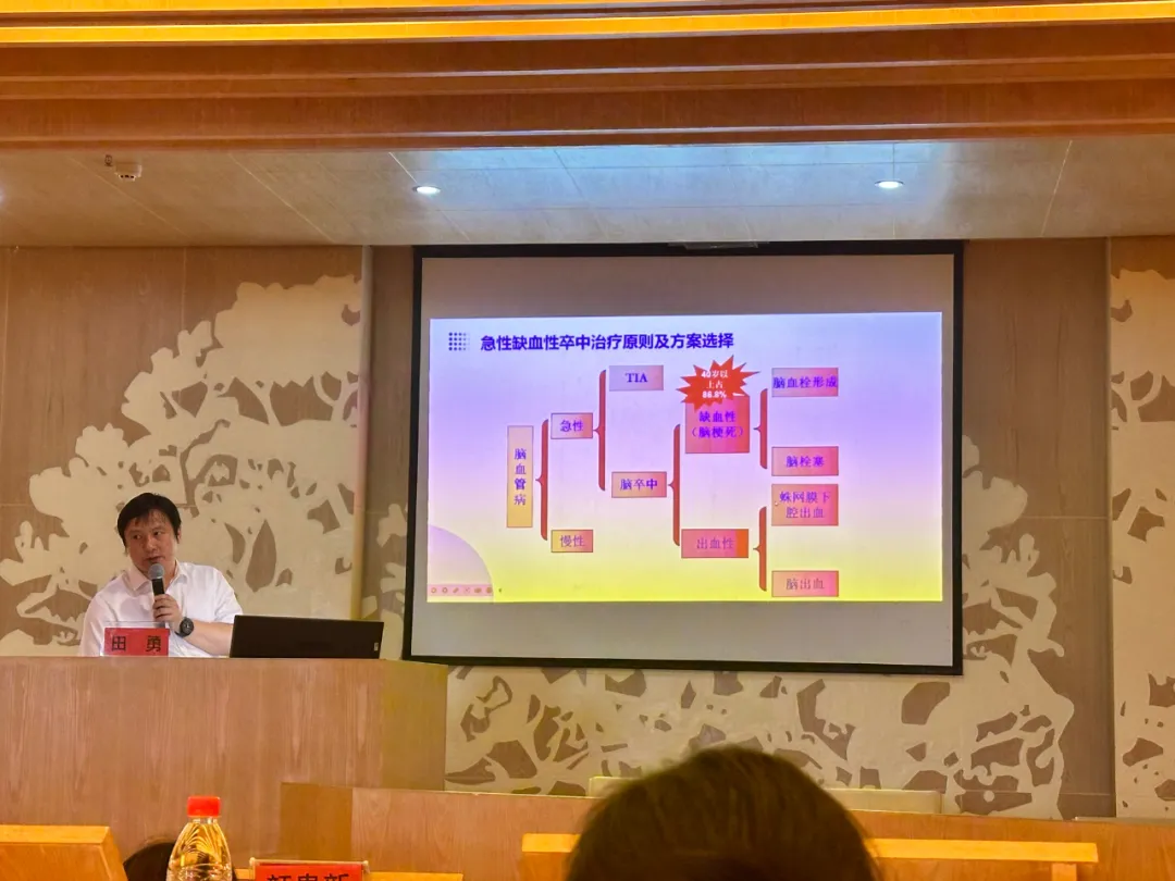 湘西州人民医院神内科田勇主任以《中国脑血管病临床管理指南(第2版)解读》为题进行分享,特节选适合基层贴近临床内容,涉及脑血管病概述、脑血管高危人群管理、脑血管病急性期管理策略以及中风120的早期识别。田主任表示,缺血性脑血管病占脑血管病的70%以上,建议在急性期发作时采取银杏叶提取物注射液等药物进行对症处理。
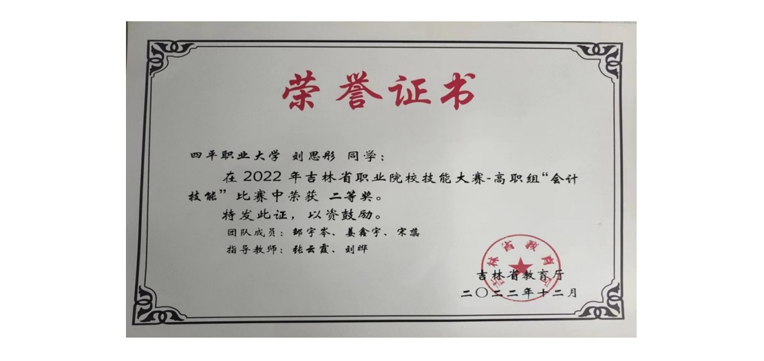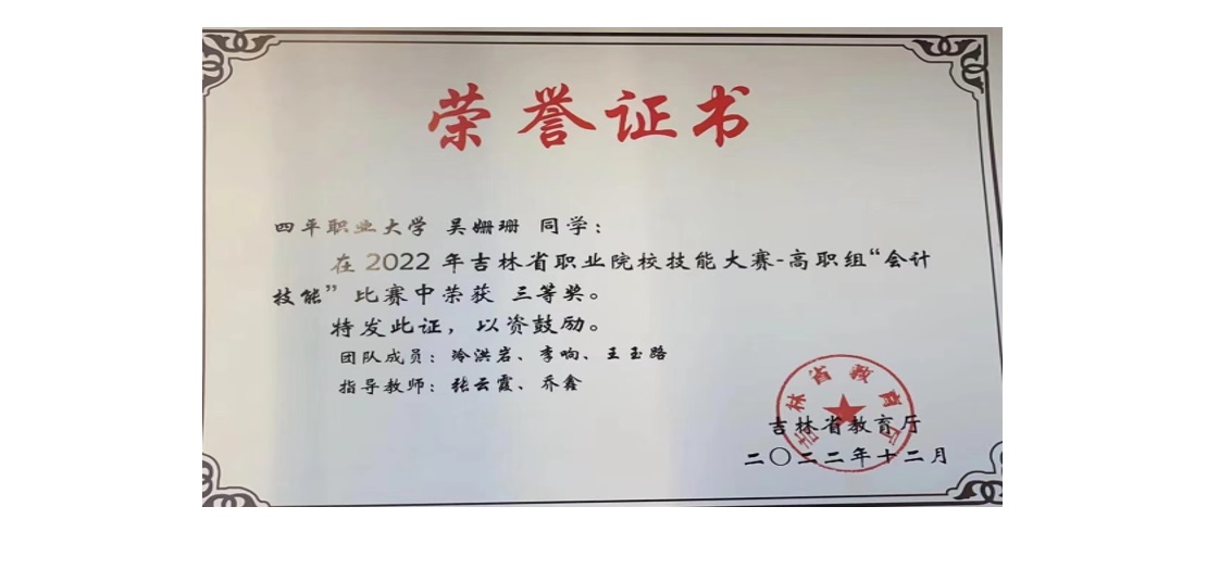 大數據與會計專業喜獲2022年吉林省職業院校技能大賽-高職組三等獎
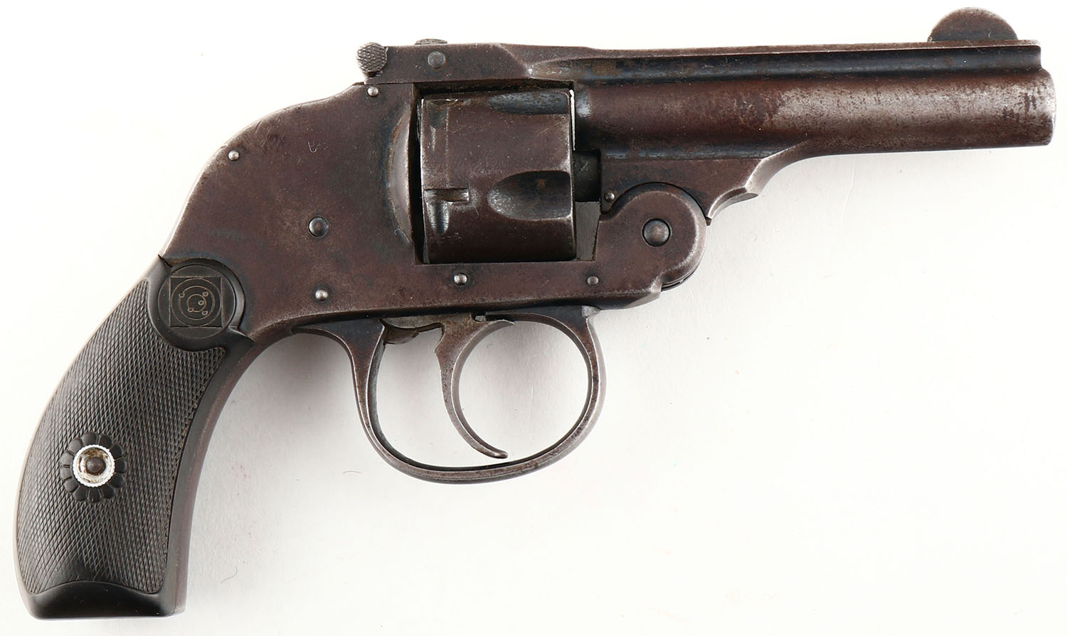 Harrington & Richardson, .32 Hammerless Top Break -Second Model, First Variation, CAL: 32 S&W SHORT, MFG: 1905-06, SN: 102788, Double Action Revolver, 3'' barrel. The Target monogram checkered hard rubber grips are very good & solid. There is consistent handling wear & smooth checkering. The original blued finish has almost fully worn to metal gray & toned to a dark brown patina, with remnants of original blue in protected areas. Bore is good & bright, with spotting, roughness & bulge @ 1 1/4''. Fixed rear sight & blade front sight. FFL or C&R Req. - Value: 50 to 200
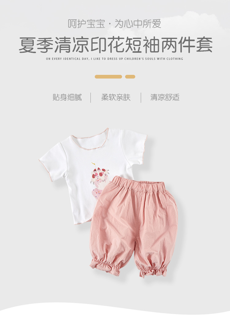 여름 귀여운 아기 세트 아기 소녀 반팔 탑 카프리 바지 두 조각 달콤한 얇은 아기 소녀 옷스토어 가기
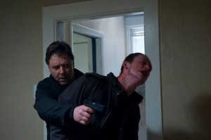 Director Paul Haggis, famous for creating the Oscar-winner Crash and writing the screenplay for Million Dollar Baby, tones down the hot-blooded social commentary for a fairly straightforward suspense flick, albeit one that is based on a French action movie, which sounds desperate on the surface. Russell Crowe plays John Brennan, a college English instructor whose wife, Lara (Elizabeth Banks), is sentenced to life for the murder of her boss, a crime that is never clearly explained (motive is inter-office politics?) because the audience isrequired to wonder throughout the running time whether or not she really did it. It’s a fatuous plot device meant to increase Brennan’s air of fidelity bordering on insanity. He never doubts Lara’s innocence, and after three years of exhausting every legal recourse and Lara’s suicide attempt in stir, he decides on the only logical solution: He will break her out. Such preposterousness is hardly an obstacle for a well-orchestrated action movie, and I imagine the French original, Pour Elle, which I didn’t see, didn’t bother with making it all seem credible, but Haggis is too self-consciously a “quality” director, and his attempt to bolster the story’s relatability with excruciating details of how a milquetoast like Brennan learns to be a cold-blooded criminal provides its own measure of discomfort above and beyond what you might feel for his protagonist. Brennan interviews an ex-con (Liam Neeson) who wrote a book about his own escape, and then surfs the net for any intelligence about prison procedure and criminal technique, such as breaking into automobiles and producing “bump keys.” In the meantime, he has to raise a son who is persecuted at school for having a murderer mom and deal with parents who suspect something is afoot but can’t bring themselves to articulate it. Then there’s Lara, who has to be kept in the dark about the breakout until it’s actually happening. All of these elements are suspenseful in and of themselves, and Haggis wisely avoids his usual sermonizing tone, focusing intently on Brennan’s increasingly obsessed personality, which Crowe embodies handily; so handily, in fact, that he can deliver Haggis’s late-inning surprises without raising so much as a cackle of derision. Crowe may be too successful, in fact, since his character’s lack of cool makes it difficult to believe he would rob a drug den full of armed thugs for the money he needs for his enterprise. This is a guy, after all, who in a previous scene was easily screwed over by a fake passport dealer. The learning curve is long for English teachers who endeavor to break the law, Haggis seems to say, but some things just automatically bugger the imagination.(photo: Lions Gate Films Inc.)

****************

▶ **Activity**: Output nothing but the records, word for word, and none of their pictures.

▶ **Task output**:
 湘西州人民医院神内科田勇主任以《中国脑血管病临床管理指南(第2版)解读》为题进行分享,特节选适合基层贴近临床内容,涉及脑血管病概述、脑血管高危人群管理、脑血管病急性期管理策略以及中风120的早期识别。田主任表示,缺血性脑血管病占脑血管病的70%以上,建议在急性期发作时采取银杏叶提取物注射液等药物进行对症处理。
 大數據與會計專業喜獲2022年吉林省職業院校技能大賽-高職組三等獎
 Harrington & Richardson, .32 Hammerless Top Break -Second Model, First Variation, CAL: 32 S&W SHORT, MFG: 1905-06, SN: 102788, Double Action Revolver, 3'' barrel. The Target monogram checkered hard rubber grips are very good & solid. There is consistent handling wear & smooth checkering. The original blued finish has almost fully worn to metal gray & toned to a dark brown patina, with remnants of original blue in protected areas. Bore is good & bright, with spotting, roughness & bulge @ 1 1/4''. Fixed rear sight & blade front sight. FFL or C&R Req. - Value: 50 to 200
 여름 귀여운 아기 세트 아기 소녀 반팔 탑 카프리 바지 두 조각 달콤한 얇은 아기 소녀 옷스토어 가기
 Director Paul Haggis, famous for creating the Oscar-winner Crash and writing the screenplay for Million Dollar Baby, tones down the hot-blooded social commentary for a fairly straightforward suspense flick, albeit one that is based on a French action movie, which sounds desperate on the surface. Russell Crowe plays John Brennan, a college English instructor whose wife, Lara (Elizabeth Banks), is sentenced to life for the murder of her boss, a crime that is never clearly explained (motive is inter-office politics?) because the audience isrequired to wonder throughout the running time whether or not she really did it. It’s a fatuous plot device meant to increase Brennan’s air of fidelity bordering on insanity. He never doubts Lara’s innocence, and after three years of exhausting every legal recourse and Lara’s suicide attempt in stir, he decides on the only logical solution: He will break her out. Such preposterousness is hardly an obstacle for a well-orchestrated action movie, and I imagine the French original, Pour Elle, which I didn’t see, didn’t bother with making it all seem credible, but Haggis is too self-consciously a “quality” director, and his attempt to bolster the story’s relatability with excruciating details of how a milquetoast like Brennan learns to be a cold-blooded criminal provides its own measure of discomfort above and beyond what you might feel for his protagonist. Brennan interviews an ex-con (Liam Neeson) who wrote a book about his own escape, and then surfs the net for any intelligence about prison procedure and criminal technique, such as breaking into automobiles and producing “bump keys.” In the meantime, he has to raise a son who is persecuted at school for having a murderer mom and deal with parents who suspect something is afoot but can’t bring themselves to articulate it. Then there’s Lara, who has to be kept in the dark about the breakout until it’s actually happening. All of these elements are suspenseful in and of themselves, and Haggis wisely avoids his usual sermonizing tone, focusing intently on Brennan’s increasingly obsessed personality, which Crowe embodies handily; so handily, in fact, that he can deliver Haggis’s late-inning surprises without raising so much as a cackle of derision. Crowe may be too successful, in fact, since his character’s lack of cool makes it difficult to believe he would rob a drug den full of armed thugs for the money he needs for his enterprise. This is a guy, after all, who in a previous scene was easily screwed over by a fake passport dealer. The learning curve is long for English teachers who endeavor to break the law, Haggis seems to say, but some things just automatically bugger the imagination.(photo: Lions Gate Films Inc.)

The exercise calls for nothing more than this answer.